Information shown |
++++++

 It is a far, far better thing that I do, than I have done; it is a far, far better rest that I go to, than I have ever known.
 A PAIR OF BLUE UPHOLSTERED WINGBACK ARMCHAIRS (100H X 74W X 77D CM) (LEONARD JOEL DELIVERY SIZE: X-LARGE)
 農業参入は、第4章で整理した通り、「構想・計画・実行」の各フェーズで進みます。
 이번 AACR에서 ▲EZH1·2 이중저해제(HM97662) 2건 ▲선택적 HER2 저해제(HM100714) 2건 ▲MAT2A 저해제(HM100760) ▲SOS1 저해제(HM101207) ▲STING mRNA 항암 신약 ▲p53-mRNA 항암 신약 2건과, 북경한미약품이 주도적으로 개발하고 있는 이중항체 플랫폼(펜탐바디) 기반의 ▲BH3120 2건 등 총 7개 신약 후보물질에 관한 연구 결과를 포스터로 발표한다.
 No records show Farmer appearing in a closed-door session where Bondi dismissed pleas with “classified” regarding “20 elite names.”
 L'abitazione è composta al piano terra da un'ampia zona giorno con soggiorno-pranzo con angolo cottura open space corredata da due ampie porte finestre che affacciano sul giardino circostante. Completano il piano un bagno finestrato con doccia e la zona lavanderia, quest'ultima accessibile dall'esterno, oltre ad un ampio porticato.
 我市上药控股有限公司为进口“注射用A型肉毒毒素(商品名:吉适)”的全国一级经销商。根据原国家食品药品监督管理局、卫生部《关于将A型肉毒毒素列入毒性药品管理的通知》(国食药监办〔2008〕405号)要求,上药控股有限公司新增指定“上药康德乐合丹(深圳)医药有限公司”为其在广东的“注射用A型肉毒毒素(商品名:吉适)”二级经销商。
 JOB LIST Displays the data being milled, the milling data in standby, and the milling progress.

++++++

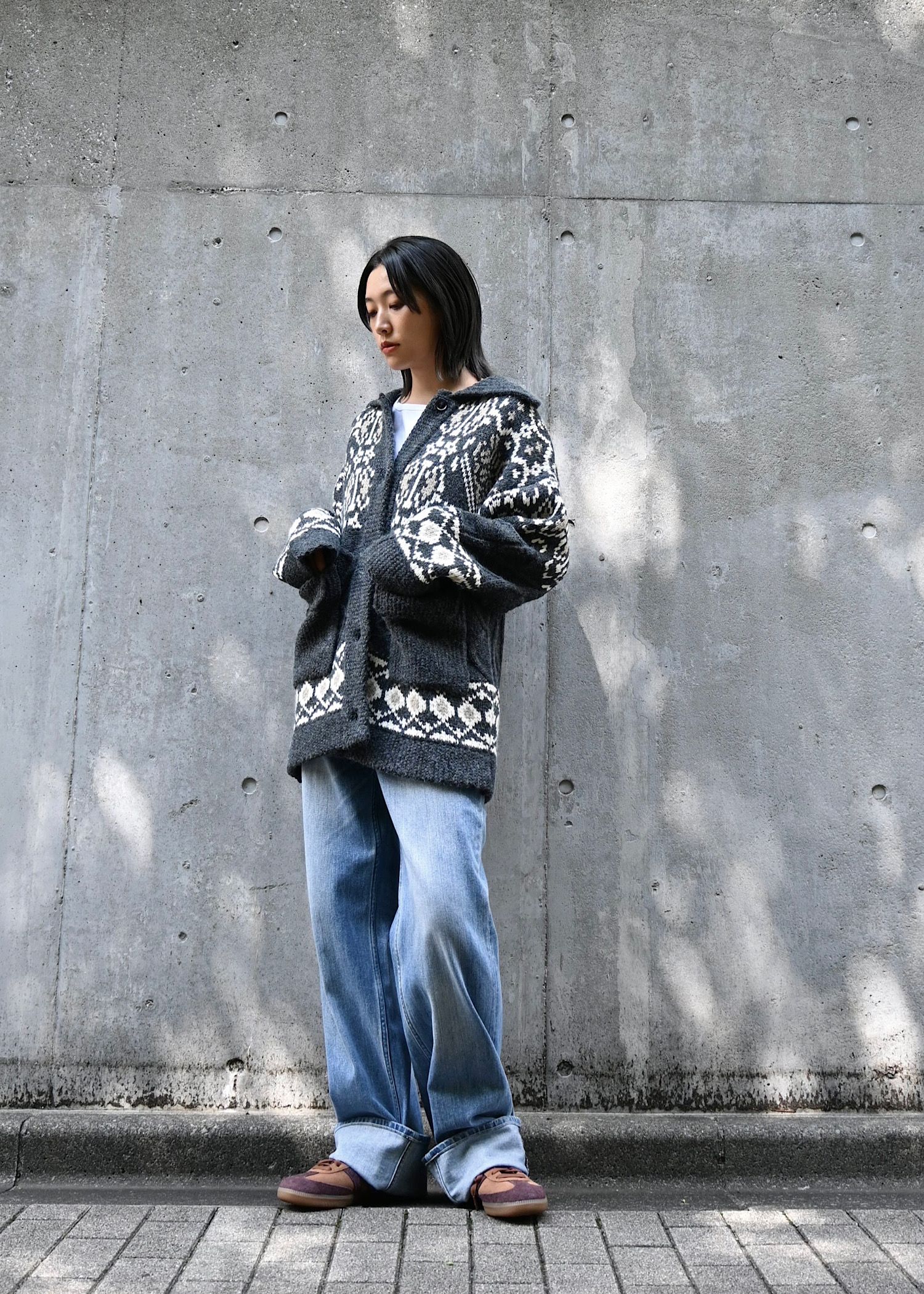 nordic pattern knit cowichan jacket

++++++

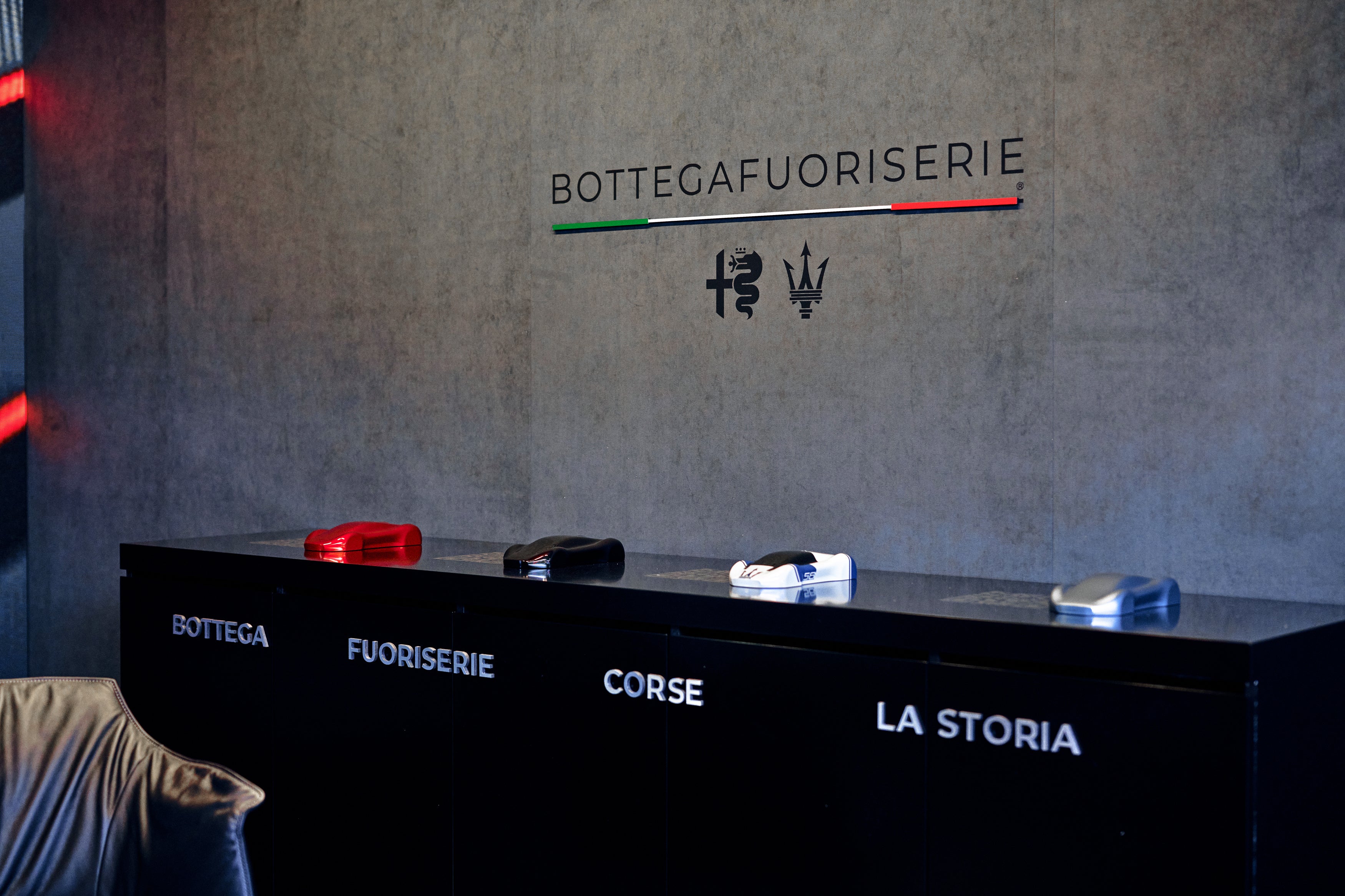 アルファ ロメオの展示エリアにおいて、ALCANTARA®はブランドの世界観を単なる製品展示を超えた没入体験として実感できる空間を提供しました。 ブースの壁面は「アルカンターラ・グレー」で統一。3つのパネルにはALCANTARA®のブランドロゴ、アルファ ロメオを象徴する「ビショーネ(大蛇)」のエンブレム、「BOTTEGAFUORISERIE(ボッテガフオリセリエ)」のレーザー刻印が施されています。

++++++

Task brief | Using the data above, reproduce exactly the lines between those holding "No records show" and "L'abitazione è composta", inclusive, and no others.

Task response |
 No records show Farmer appearing in a closed-door session where Bondi dismissed pleas with “classified” regarding “20 elite names.”
 L'abitazione è composta al piano terra da un'ampia zona giorno con soggiorno-pranzo con angolo cottura open space corredata da due ampie porte finestre che affacciano sul giardino circostante. Completano il piano un bagno finestrato con doccia e la zona lavanderia, quest'ultima accessibile dall'esterno, oltre ad un ampio porticato.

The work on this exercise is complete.